During the two decades following independence, our government was kept busy restoring security and order in an effort to defend our national integrity. Meanwhile the Indonesian population continued to swell, reaching almost 150 million at present. During the 1970s and up to the present the primary focus of attention has been on economic development. Under these circumstances social welfare was not given an effective priority. The government budget set aside for this purpose has always been very limited relative to the magnitude of social welfare problems.

Clearly we Indonesians face an enormous unmet demand for social services. There is a need to nurture self-reliance and encourage the initiatives of the public as a whole in joint efforts with government institutions.

Fortunately our people are very religious and have a strong sense of family ties and mutual assistance. This is true especially in rural areas where 80 percent of our population live. Therefore our primary objective became to develop widespread social services to be carried out by local communities themselves. In other words we wanted to promote the motivation and organization of community-based social services.

It is our conviction that efforts in the field of social welfare are likely to bear most lasting fruit if carried out by the government and the people in a spirit of self-reliance. I repeat, development in the area of social welfare has to be executed by all citizens with their government in cooperative efforts based on family spirit. It is this understanding which has inspired the motto of the Indonesian National Council on Social Welfare: Self-reliance and Family Spirit.

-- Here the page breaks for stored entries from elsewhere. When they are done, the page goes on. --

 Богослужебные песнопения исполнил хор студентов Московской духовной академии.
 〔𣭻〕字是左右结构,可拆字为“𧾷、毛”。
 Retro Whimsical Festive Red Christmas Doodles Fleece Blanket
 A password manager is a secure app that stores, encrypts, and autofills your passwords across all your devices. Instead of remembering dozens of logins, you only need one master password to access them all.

I realize that the more one engages in social work the more one becomes aware of problems that are still more widespread and fundamental. It is not enough to sympathize with people in need. They should be helped to become people who can help themselves, to become respected members of society. It is in this way that we will be able to build a nation and a society where every one has the freedom to strive for a more decent life.

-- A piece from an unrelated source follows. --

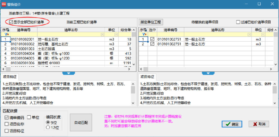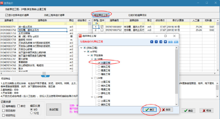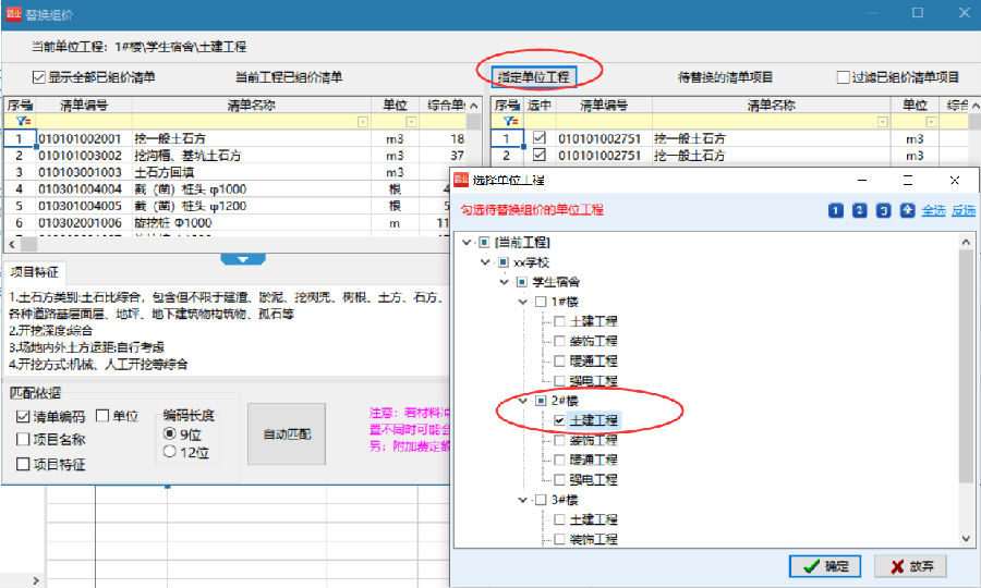 2.如在众多单位工程中,勾选指定的待替换组价的单位工程,可以通过设置“指定单位工程”来实现;

I pray that our simple efforts breathe of the same spirit that filled President Ramon Magsaysay of whom it is written:

“He was a simple humble man, who cared for all people as individuals and believed in their dignity and importance.”

 BIOGRAPHY

JOHANNA SUNARTI NASUTION remembers a happy childhood. She was fortunate in her youth in the closeness and love of her family, in having a fine education, and in receiving from her parents a strong sense of purpose. When she was born on November 1, 1923, in Surabaya, East Java, Indonesia was under the rule of the Dutch. Throughout her childhood her parents worked actively for both the freedom and the welfare of the Indonesian people. Love for her country and devotion to her countrymen have been bywords for JOHANNA ever since.

Her father, Raden Panji (title of a lesser prince): Soenario Gondokoesoemo, was a member of the Javanese elite. As a young man he had been exiled to the Netherlands along with other suspected nationalists. There he completed his education in economics and married a Dutch girl, Maria Hendrika Rademaker. Impressed with the young aristocrat’s qualifications, the Dutch sent him back to his homeland to work as an executive on the railways. Because of his birth and position he received the same privileges and perquisites as a Dutchman.

In 1927 R.P. Soenario Gondakoesoemo left Dutch government service to become director of the National Bank of Indonesia. Soon thereafter he became a founding member and treasurer of the nationalist political party, Partai Indonesia Raya, known as Parindra. Following independence he was awarded two medals for serving the cause of freedom. In his mind patriotism and civic responsibility were inseparable. “If you are to become a good leader,” he told his children, “you must take care of the poor people in your country.”